Tanım ve farmakoterapötik sınıf
Tiyokolşikosid, yarı sentetik bir kolşikosid türevidir; iskelet kası spazmlarının kısa süreli semptomatik tedavisinde kullanılan kas gevşetici olarak sınıflandırılır. Klinik uygulamada anti-enflamatuar ve analjezik etkilere eşlik eden santral etkili spazmolitik özellikler sergiler; ancak inhibitör nörotransmisyon üzerindeki özgül etkileşimleri nedeniyle prokonvülsan potansiyel taşır.
Etimoloji ve tarihçe
Ad, kolşisinin şekerli glikozit formu olan “kolşikosid”den türemiştir; “thio-” öneki, yapıda sülfür içeren (metiltiyo) bir ikameyi işaret eder. Molekül, tarihsel olarak Colchicum türlerinden elde edilen kolşisin çekirdeğine dayanır ve santral etkili “kas gevşetici” arayışlarının bir alt kolunu temsil eder. Avrupa’da ağızdan ve intramüsküler kullanımlar, farklı ulusal ruhsatlarla yaygınlaşmış; ancak 2013–2014’te Avrupa İlaç Ajansı (EMA) tarafından güvenlilik incelemesi sonrasında endikasyon, doz ve süre kısıtlamaları getirilmiştir.
Kimyasal yapı ve temel özellikler
- Molekül formülü: C₁₇H₃₃NO₁₀S
- Molekül ağırlığı: ~563.6 g/mol
- Kimyasal doğa: Kolşisin iskeletine bağlı β-D-glukopiranozil içeren, 10-metiltiyo ikameli, amid fonksiyonlu glikozit.
- CAS numarası: 602-41-5.
Bu parametreler, farmakokinetik davranış (yüksek molekül ağırlığı, çoklu H-bağı akseptörü/donörü) ve sınırlı biyoyararlanım özellikleriyle uyumludur.
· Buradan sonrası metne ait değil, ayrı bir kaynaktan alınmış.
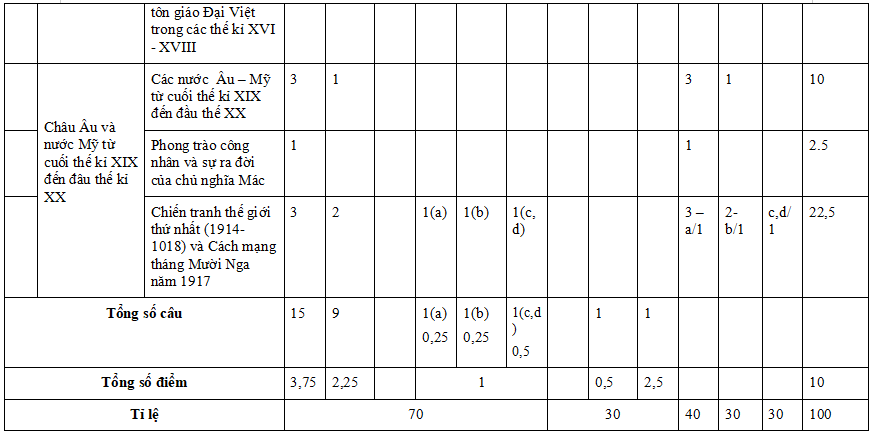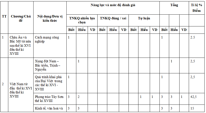 Ma trận đề thi cuối kì 1 Lịch sử 8

Farmakodinamik ve etki mekanizması
Reseptör etkileşimleri
Tiyokolşikosid, memelilerde inhibitör sinaptik iletimde kilit rol oynayan GABA_A reseptörleri ile striknin-duyarlı glisin reseptörleri üzerinde kompetitif antagonist tarzında inhibisyon oluşturur; nikotinik asetilkolin reseptörleri üzerindeki etkileri daha zayıftır. Purkinje hücreleri ve granül nöronlar üzerinde yapılan dilim elektrofizyoloji çalışmalarında, GABA_A aracılı fazik ve tonik akımların konsantrasyona bağlı biçimde baskılandığı ve hayvanlarda prokonvülsan etkilerin gözlendiği gösterilmiştir. Bu bulgular, insan olgularında bildirilen nöbetlerle biyolojik tutarlılık gösterir.
Klinik yansımalar
İnhibitör akım antagonizmi, ilacın antiepileptik değil, aksine belirli koşullarda epileptojenik olabileceğini; özellikle epilepsi öyküsü veya BOS bariyeri bozulmuş hastalarda nöbet tetikleyebileceğini düşündürür. Bu nedenle nöbet eşiğini düşürebilecek eşzamanlı durumlar ve ilaçlar (ör. GABAerjik tonusu azaltan ajanlar) dikkatle değerlendirilmelidir.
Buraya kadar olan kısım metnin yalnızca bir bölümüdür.